If you are a beginner in HTN planning and would like to get started in research -- or in case you will have an interview with me and need to prepare -- I recommend to look at the page "resources-for-students", specifically the section "Basics to get started with HTN Planning".
Also note that I created a webpage on HTN planning, which provides further resources: https://hierarchical-task.net
Main Research Lines
I deploy my knowledge on complexity theory, algorithm and heuristic design, as well as problem compilations to different planning settings, mostly classical planning, POCL planning, and HTN planning, to two major lines of research: Modeling support and solving planning problems.
1. Modeling Support
Planning domains can be difficult to construct correctly — surprisingly, not just for newcomers, but everybody.
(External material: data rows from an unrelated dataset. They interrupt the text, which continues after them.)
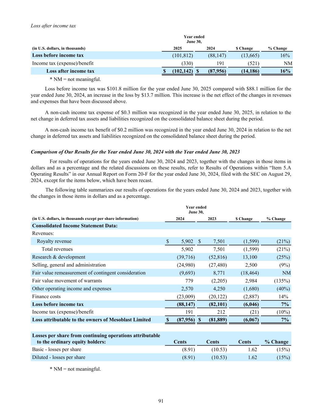 Loss after income tax Year ended June 30, (in U.S. dollars, in thousands) 2025 2024 $ Change % Change Loss before income tax (101,812) (88,147) (13,665) 16% Income tax (expense)/benefit (330) 191 (521) NM Loss after income tax $ (102,142) $ (87,956) (14,186) 16% * NM = not meaningful. Loss before income tax was $101.8 million for the year ended June 30, 2025 compared with $88.1 million for the year ended June 30, 2024, an increase in the loss by $13.7 million. This increase is the net effect of the changes in revenues and expenses that have been discussed above. A non-cash income tax expense of $0.3 million was recognized in the year ended June 30, 2025, in relation to the net change in deferred tax assets and liabilities recognized on the consolidated balance sheet during the period. A non-cash income tax benefit of $0.2 million was recognized in the year ended June 30, 2024 in relation to the net change in deferred tax assets and liabilities recognized on the consolidated balance sheet during the period. Comparison of Our Results for the Year ended June 30, 2024 with the Year ended June 30, 2023 For results of operations for the years ended June 30, 2024 and 2023, together with the changes in those items in dollars and as a percentage and the related discussions on these results, refer to Results of Operations within “Item 5.A Operating Results” in our Annual Report on Form 20-F for the year ended June 30, 2024, filed with the SEC on August 29, 2024, except for the items below, which have been recast. The following table summarizes our results of operations for the years ended June 30, 2024 and 2023, together with the changes in those items in dollars and as a percentage. Year ended June 30, (in U.S. dollars, in thousands except per share information) 2024 2023 $ Change % Change Consolidated Income Statement Data: Revenues: Royalty revenue $ 5,902 $ 7,501 (1,599) (21%) Total revenues 5,902 7,501 (1,599) (21%) Research & development (39,716) (52,816) 13,100 (25%) Selling, general and administration (24,980) (27,480) 2,500 (9%) Fair value remeasurement of contingent consideration (9,693) 8,771 (18,464) NM Fair value movement of warrants 779 (2,205) 2,984 (135%) Other operating income and expenses 2,570 4,250 (1,680) (40%) Finance costs (23,009) (20,122) (2,887) 14% Loss before income tax (88,147) (82,101) (6,046) 7% Income tax (expense)/benefit 191 212 (21) (10%) Loss attributable to the owners of Mesoblast Limited $ (87,956) $ (81,889) (6,067) 7% Losses per share from continuing operations attributable to the ordinary equity holders: Cents Cents Cents % Change Basic - losses per share (8.91) (10.53) 1.62 (15%) Diluted - losses per share (8.91) (10.53) 1.62 (15%) * NM = not meaningful. 91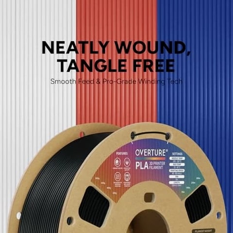OVERTURE PLA Filament 1.75mm, Neatly Wound 3D Printer Material 1kg Spool (2.2lbs)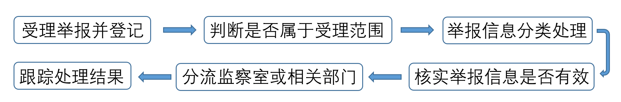 不同途徑的舉報線索由監(jiān)察中心實行專人管理、流轉(zhuǎn),處理程序如下: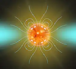 Ionized material captured by the magnetic field lines will rotate with the Sun as if it were a solid body. As material escapes from the Sun due to the solar wind, the highly ionized material will be captured by the field lines and rotate with the same angular velocity as the Sun, even though it is carried far away from the Sun's surface, until it eventually escapes. This effect of carrying mass far from the centre of the Sun and throwing it away slows down the spin of the Sun.[1][2] The same effect is used in slowing the spin of a rotating satellite; here two wires spool out weights to a distance slowing the satellites spin, then the wires are cut, letting the weights escape into space and permanently robbing the spacecraft of its angular momentum.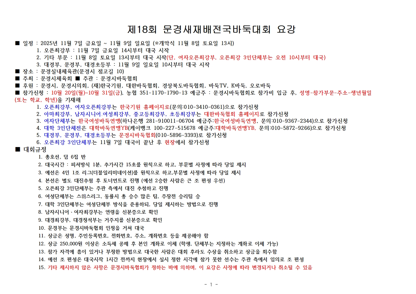 제18회 문경새재배전국바둑대회 전체 요강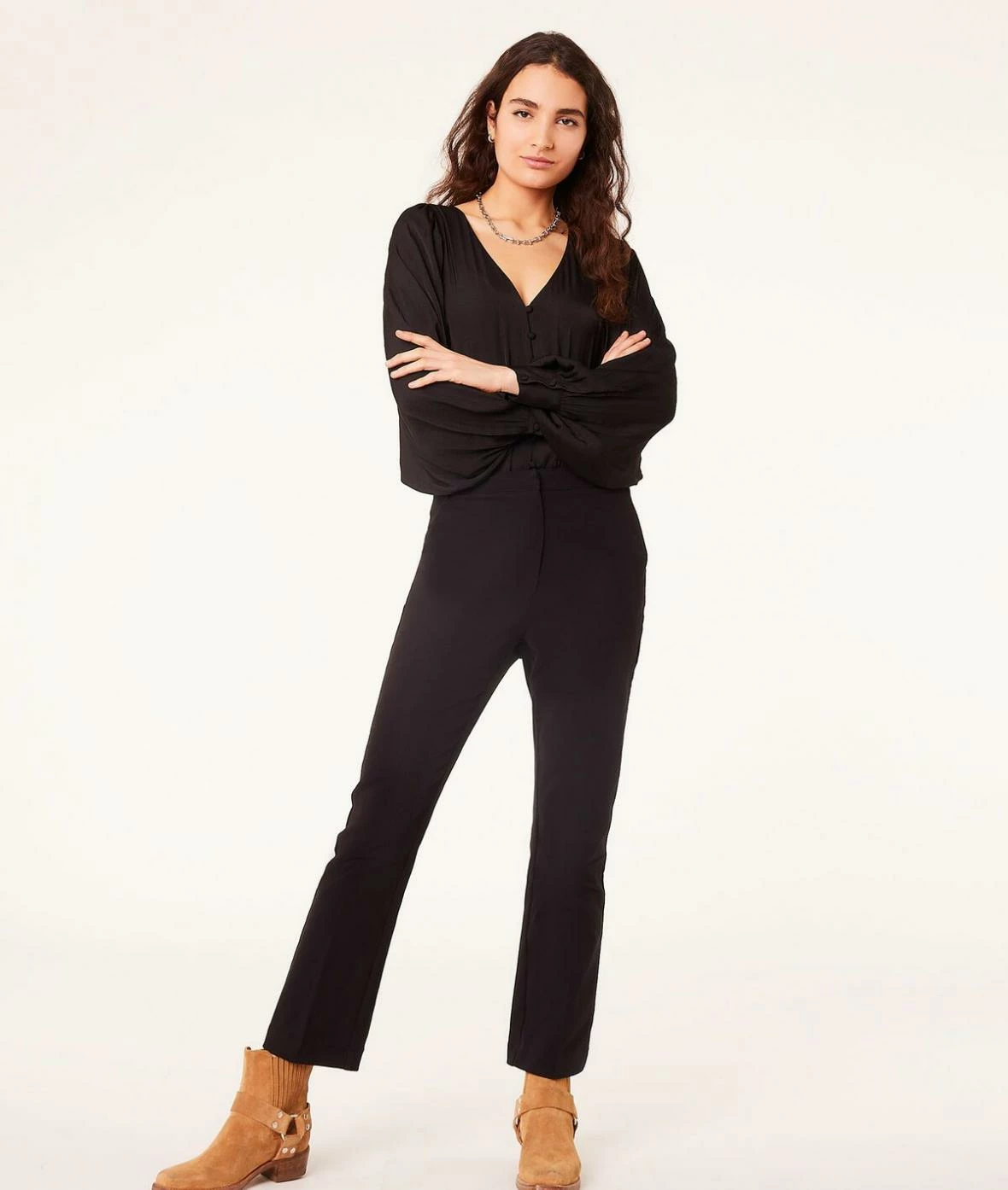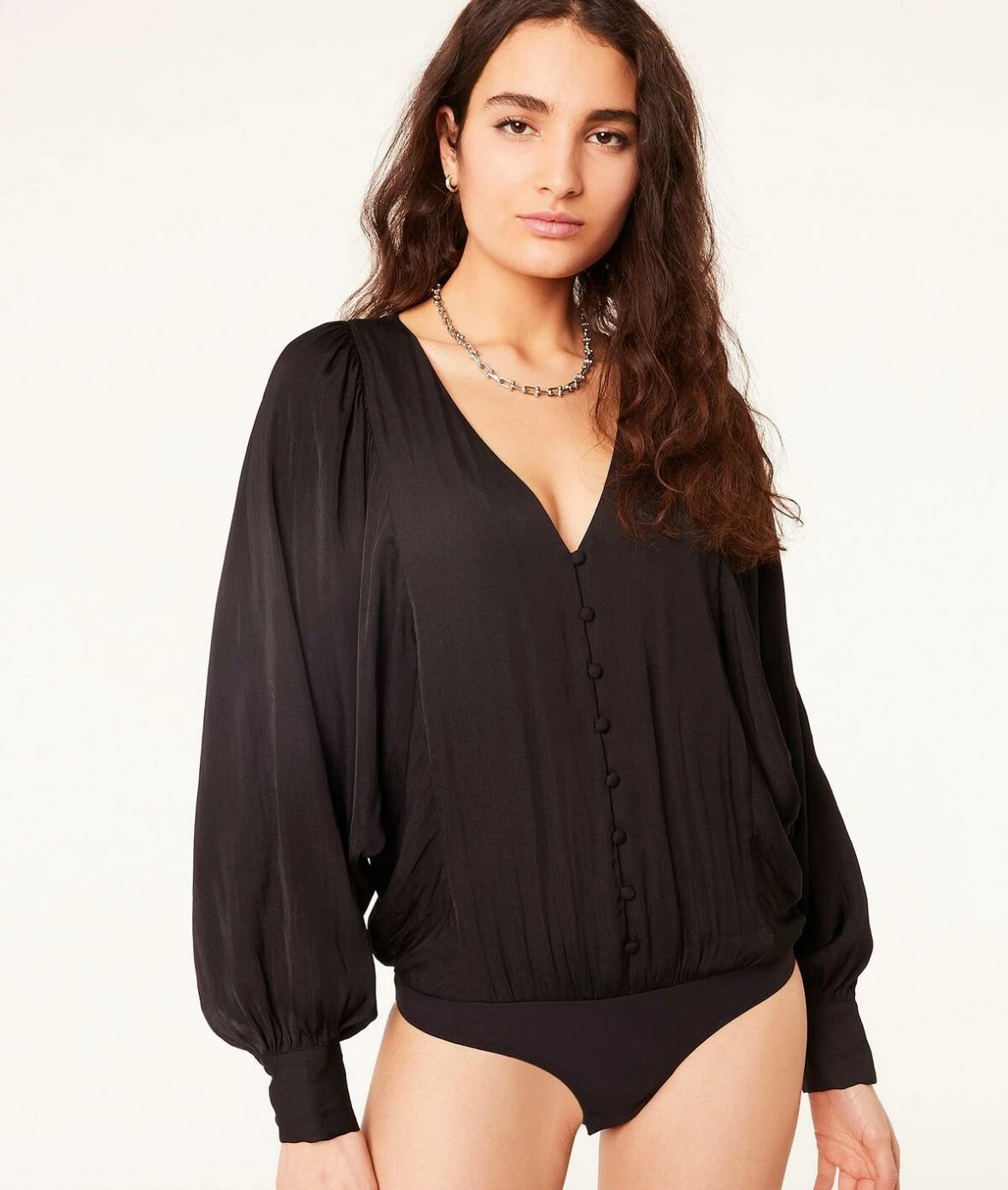 Ce body boutonné aux volumes aériens dévoile un joli décolleté en V et réinvente la blouse classique.

It is easy to overlook some details, and consequences can be significant. Even a tiny modeling mistake, say a single forgotten or wrongly chosen precondition or effect (or wrong modeled initial state or goal facts) can lead to:
- wrong solutions: those that solve the modeled problem, but do not work in the real world,
- missing solutions: some plans that would work in the real world are invalid in the model,
- unsolvable planning problems: even though there is a solution to the actual problem, its model doesn't admit any.
Beyond those most significant modeling issues, creating a model, even if done correctly, can be very hard, time-consuming and hence even frustrating at times.
Thus, providing automated modeling support is essential. The ultimate goal is to:
- Assist in creating a new model,
- assist in verifying the correctness of a created model and help correct errors automatically, and
- to reduce the time required and overall make the entire process intuitive -- and hopefully fun. :)
A very "low-level" contribution I made here was to (let one of my PhD students :D) create a Visual Studio Code plugin that provides syntax highlighting and syntax error reporting for writing HDDL problems. (HDDL is the standard description language to describe HTN problems, see my AAAI 2020 paper.)
Beyond that (mostly engineering contribution), my most important contributions are theory and methods for the automated correction of classical and HTN problems. Specifically, I have publications that all repair problems given a set of white list plans, black list plans, or both. White list plans are those which are declared to work in the repaired model and black list plans are those declared to be invalid in the repaired model.
- The computational complexity of repairing classical planning problems given a set of white list plans (IJCAI 2021), black or black and white list plans (AAAI 2023a),
- The computational complexity of repairing HTN problems based on white list plans (IJCAI 2021), or white and black list plans (AAAI 2023b),
- Algorithms for repairing classical problems based on white list plans (AAAI 2023a), or white and black list plans (AAAI 2024), or with white list plans, where action parameter bindings may be underspecified (ECAI 2025a),
- Algorithms for repairing classical unsolvable planning problems (ECAI 2025b), and
- Algorithms for repairing HTN problems based on white list plans (SoCS 2024).
If interested more in this line of research, I have a recent survey on model repair from IJCAI 2025.
2. Solving Planning Problems
This line focuses on solving planning problems fast, and ideally optimally. I work across classical, POCL, and HTN/TIHTN settings with five recurring themes:
- Heuristic search. I work mostly with progression search (ICAPS 2018 and JAIR 2020) and design domain-independent heuristics (landmarks (AAAI 2020), ILPs (IJCAI 2020, ECAI 2024), translations to planning (ICAPS 2018, JAIR 2020), other estimates (IJCAI 2017)) and pruning techniques (SoCS 2023).
- I also investigate heuristic search in FOND HTN planning (IJCAI 2024), the extension of deterministic HTN planning to action models with non-deterministic effects.
The references provided here are exclusively on HTN planning. For those on POCL planning, see the paragraph further up.